Step S520, the M latest reading time points are recorded in the H home storage nodes, respectively.
Assuming that there are three directories a, B and C, M is 3, and the latest reading time points corresponding to the directories a, B and C are T1, T2 and T3, respectively. As shown in fig. 6, the home storage nodes of the directory a and the directory B are node 1, the home storage node of the directory C is node 2, and both the node 1 and the node 2 are not servers for executing steps S510-S520. T1, T2 are recorded in the corresponding directory attribute information in node 1 and T3 is recorded in the corresponding directory attribute information in node 2. For example, the latest reading time point may be recorded in the metadata table of the directory in the form of ext_dir_atime, in other words, once the file in the directory is read, the ext_dir_atime in the directory is updated, and the update scenario of the ext_dir_atime in the metadata table is shown in table 2.
TABLE 2
In the embodiment of the application, the latest reading time point of the catalogue is recorded in the corresponding home storage node and can be used for determining the reading heat of the catalogue in the home storage node.
In summary, the embodiment of the application performs data management by accessing the latest reading time point of the directory. Compared with the existing data management, the method reduces the complexity of data access from the file level to the directory level, and greatly improves the data management efficiency.
The above description has been presented with respect to the solution provided by the embodiment of the present application, mainly from the viewpoint of logic execution of each step. It will be appreciated that, in order to implement the above-mentioned functions, the server side includes corresponding hardware structures and/or software modules for executing the respective functions. Those of skill in the art will readily appreciate that the algorithm steps of the examples described in connection with the embodiments disclosed herein may be implemented as hardware, software, or a combination of hardware and computer software. Whether a function is implemented as hardware or computer software driven hardware depends upon the particular application and design constraints imposed on the solution. Skilled artisans may implement the described functionality in varying ways for each particular application, but such implementation decisions should not be interpreted as causing a departure from the scope of the present application.

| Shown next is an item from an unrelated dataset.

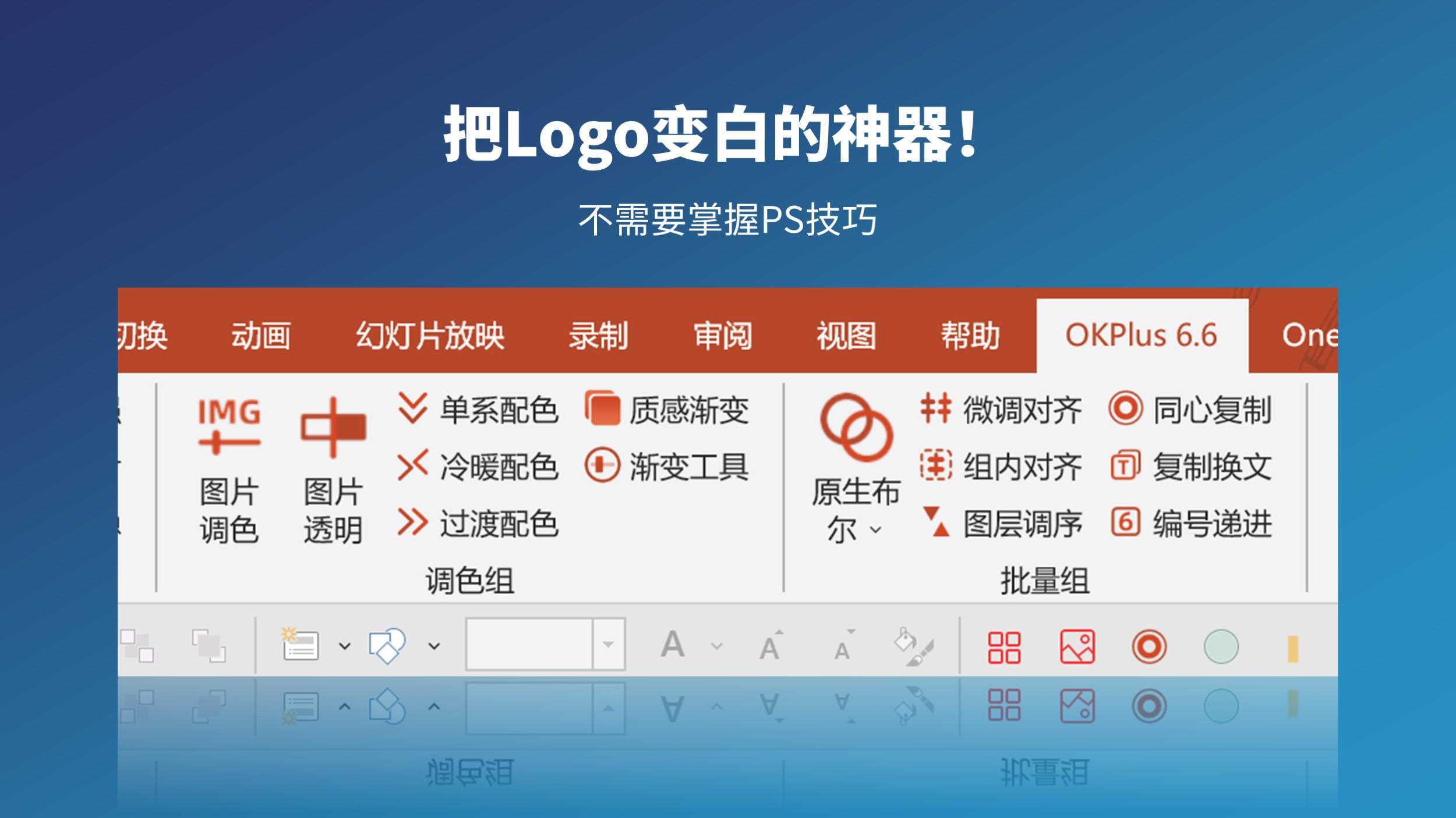 既然Logo的颜色很不统一,那我们就强制将它统一成白色。在深色的PPT背景中,这样是不是更和谐了呢?为了从视觉上更统一,我们也加一个边框。对于浅色的背景,也可以使用白色Logo搭配深色色块。要快速将Logo变为白色,推荐一个PPT插件“OK Plus”,使用“图片调色”功能,导入所选Logo,饱和度拉到最低,亮度拉到最高。再导出到幻灯片。原来的Logo就替换成纯白色啦!

Fig. 7 shows a block diagram of a data processing apparatus 700, which is applied to a server side. The modules in the apparatus shown in fig. 7 have functions corresponding to the steps in the method embodiment, and achieve the corresponding technical effects. The corresponding beneficial effects of the execution steps of each module can refer to the explanation of the corresponding steps of the method embodiment, and will not be repeated. The functions may be implemented by hardware, or may be implemented by hardware executing corresponding software. The hardware or software comprises one or more modules corresponding to the functions. The data processing device comprises a receiving module 710, an obtaining module 720, a determining module 730 and a determining module, wherein the receiving module is used for receiving data governance requests of M catalogues of the distributed file system, the obtaining module 720 is used for respectively reading M latest reading time points recorded in the M catalogues in response to the data governance requests, the determining module 730 is also used for respectively determining the reading heat of each catalogue according to the latest reading time point of each catalogue, and the determining module is also used for determining whether to conduct data governance on the catalogue corresponding to each reading heat according to each reading heat.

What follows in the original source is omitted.